An MBO is an efficient way to relaunch a business with a track record and revenue base and without the legal conflict and collateral damage that can accompany a hostile exit. For an entrepreneurial team within a larger, more bureaucratic entity—such as a bank—it affords a unique path to independence and can be especially powerful when backed by a well-capitalized partner with knowledge and experience around managing and growing a standalone business.

For a group of investment and distribution professionals within the asset management arm of Fifth Third Bank, an MBO and the creation of Foundry Partners represented the perfect way to gain control of their destiny and economics. Partnering with Rosemont and negotiating a buyout allowed Foundry’s principals to own their business and resource the firm for continuing growth.

Background

In 2013, Rosemont backed the creation of Foundry Partners through a negotiated buyout of several US growth and value equity franchises from Fifth Third Asset Management, a division of Fifth Third Bank. In addition to capital to fund the buyout and early operations, Rosemont provided help with the negotiations and the complicated process of setting up the company. Rosemont’s experience with operating structures, compensation structures, buy/sell agreements, etc. proved invaluable as Foundry struck out on its own.

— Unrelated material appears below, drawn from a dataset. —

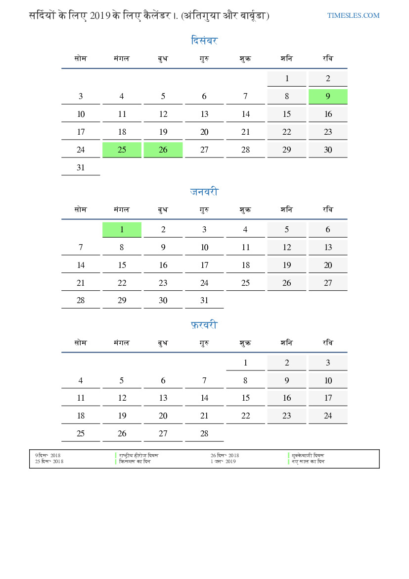 एंटीगुआ और बारबुडा के लिए 2019 की सर्दियों के लिए छुट्टियों और सप्ताहांत के साथ पीडीएफ कैलेंडर डाउनलोड और प्रिंट करें
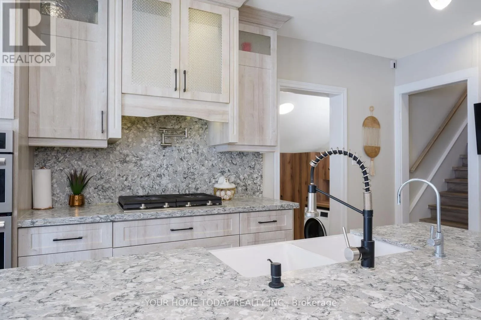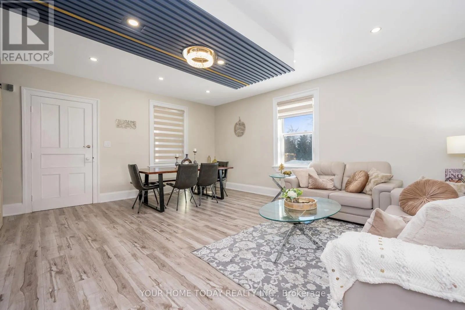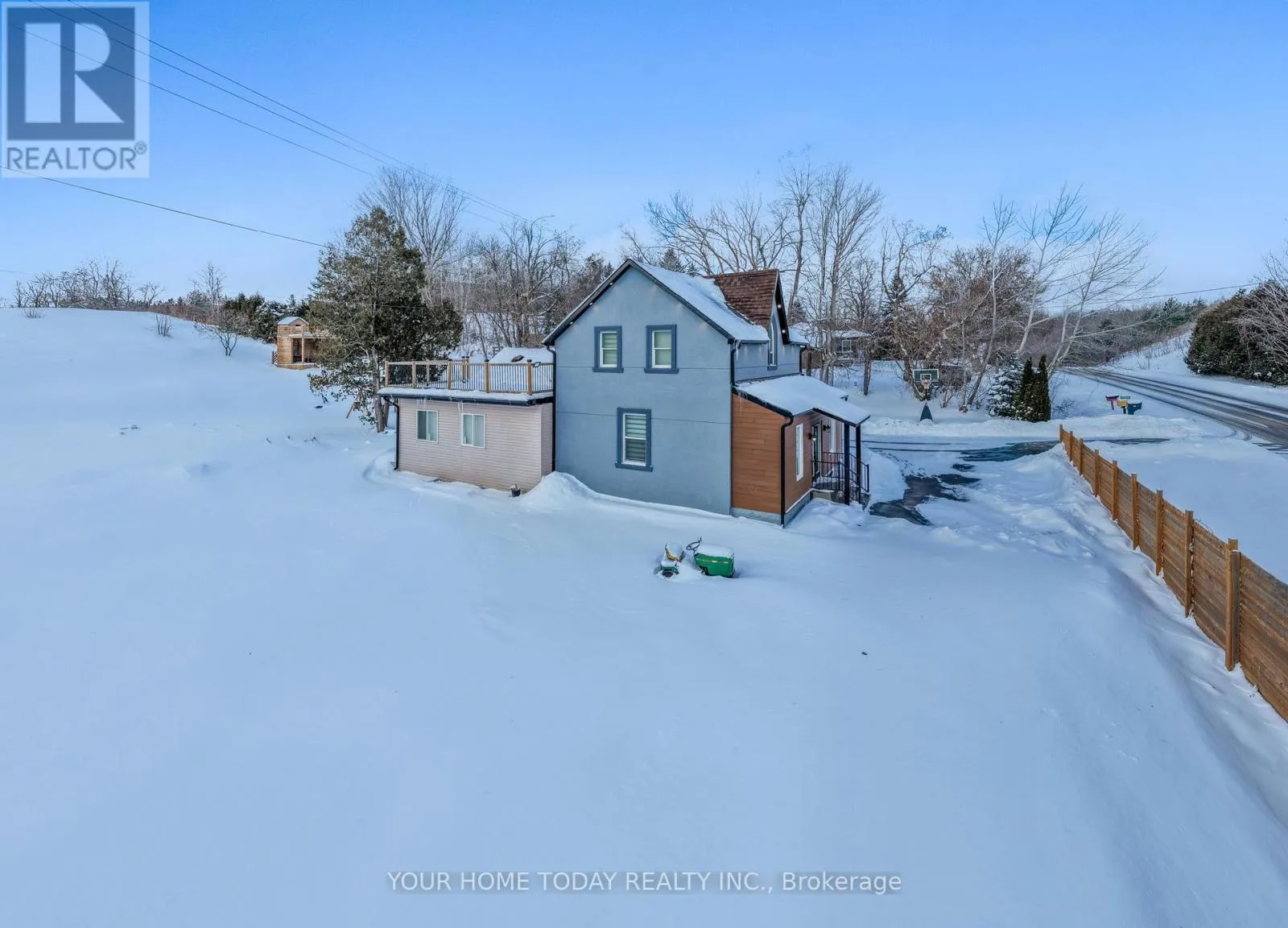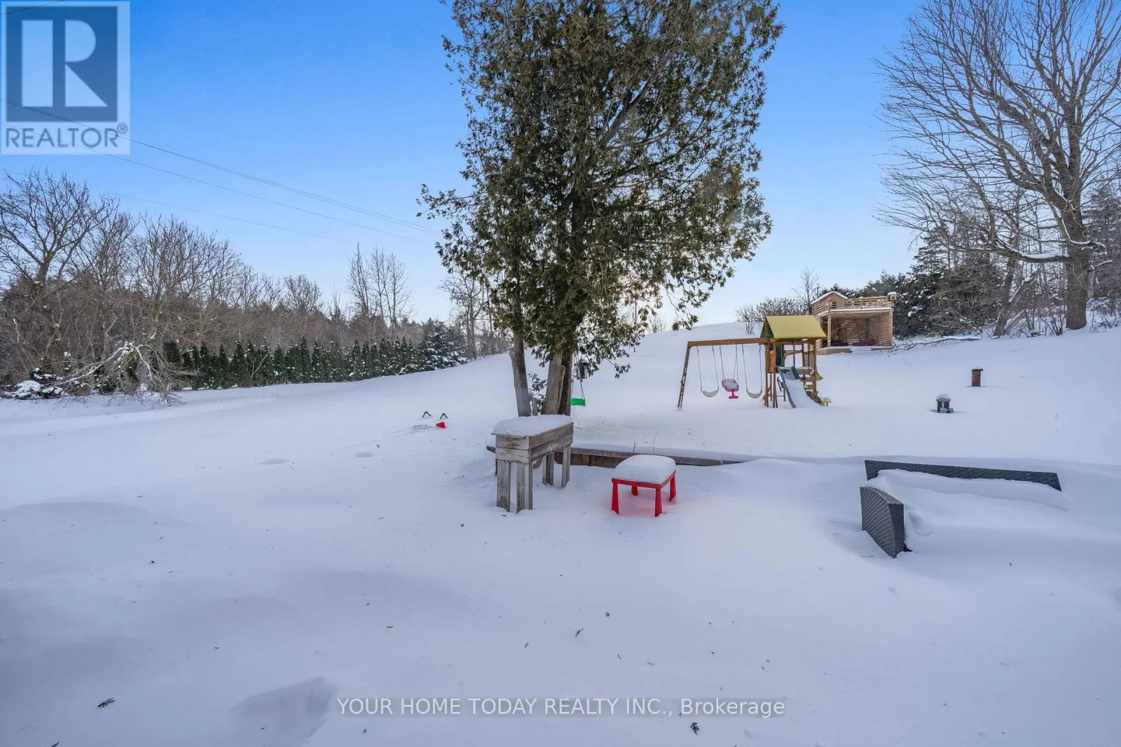 Cross Streets: 22nd Sideroad and 4th Line. ** Directions: Highway 7, 22nd Sideroad, 4th Line. Charming century home showcasing classic Gothic Revival architecture, complete with eye-catching lancet window. A convenient family friendly enclosed porch/mudroom welcomes you into this beautifully updated heritage residence where an open-concept living and dining area features stylish vinyl plank flooring, an electric fireplace set against a striking wood feature wall and a complementary wood-accented ceiling. Pot lights throughout create a bright, inviting ambiance. The chef-inspired kitchen is truly the heart of the home, offering a massive island with seating for five, quartz counters and backsplash, stainless steel appliances, double farmhouse sink, convenient pot filler above gas stovetop, generous pantry and a dedicated coffee centre. Step through the sliding door walkout to a large patio overlooking mature, private grounds, small Koi pond and a family-friendly retreat with a play structure and a charming gazebo/playhouse - ideal for outdoor fun and relaxation. The main level features a serene primary suite with an elegant 3-piece ensuite and walk-in closet, a second bedroom/office, a beautifully updated 3-piece main bath and a convenient laundry room with access to the driveway. Upstairs, two charming character bedrooms (one with walkout to a large balcony) and a sleek 3-piece bathroom provide comfortable space for family. The property also includes a huge driveway (parking for 12 cars) plus a separate detached double garage, offering terrific storage, hobby, or workshop space. Ideally located close to Limehouse Caves and trails, and just minutes to Acton, Georgetown, and Milton for everyday amenities. Commuters will appreciate easy access to major routes. (id:27476)

The MBO enabled a smooth transition of client assets and an ongoing business relationship between Foundry and Fifth Third, including a revenue-sharing agreement and sub-advisory contract. Notably, the well-executed MBO resulted in unanimous client consent and allowed Foundry to hit the ground running. To this day Foundry maintains strong client relationships in its core client segments.

A Successful Partnership

Rosemont played an instrumental role in Foundry’s MBO, not only financing the buyout but also providing guidance in the exit negotiation and design and creation of the new firm. From structuring the purchase terms to building out an operating infrastructure and deciding on important foundational issues such as compensation architecture—the list of issues when forming a new firm is long and detailed—Rosemont advised Foundry’s principals each step of the way. The process was seamless and allowed Foundry’s investment and distribution teams to quickly turn their focus to the firm’s investment strategies and clients.

Over time, as Foundry established itself as a successful and enduring asset management boutique, its partnership with Rosemont evolved. From guidance on personnel matters and product mix to assistance assessing and executing acquisition opportunities, we provided Foundry with the depth of expertise required to make smart strategic choices and establish a foothold in a competitive marketplace.

Importantly, we also put the company on a path to full employee ownership. The structure of our partnership allowed Foundry management to increase its equity stake over time based on the achievement of key financial milestones, and we sold the remainder of our equity stake back to management to make it 100% employee owned.

The Results

After successfully completing its management buyout, Foundry grew AUM/AUA by over $1.5 billion and more than doubled revenue and profits. It has also managed to maintain consistent product pricing despite secular industry-wide pressure on active management fees. With Rosemont’s support, the firm’s management successfully navigated its way out of a bank to become a successful standalone entity and now, a 100% employee-owned firm.

We are thrilled for Foundry’s success. It’s a testament to its entrepreneurial spirit, its strong client relationships, the strength of our partnership and the powerful results that can be delivered through an intelligently structured MBO.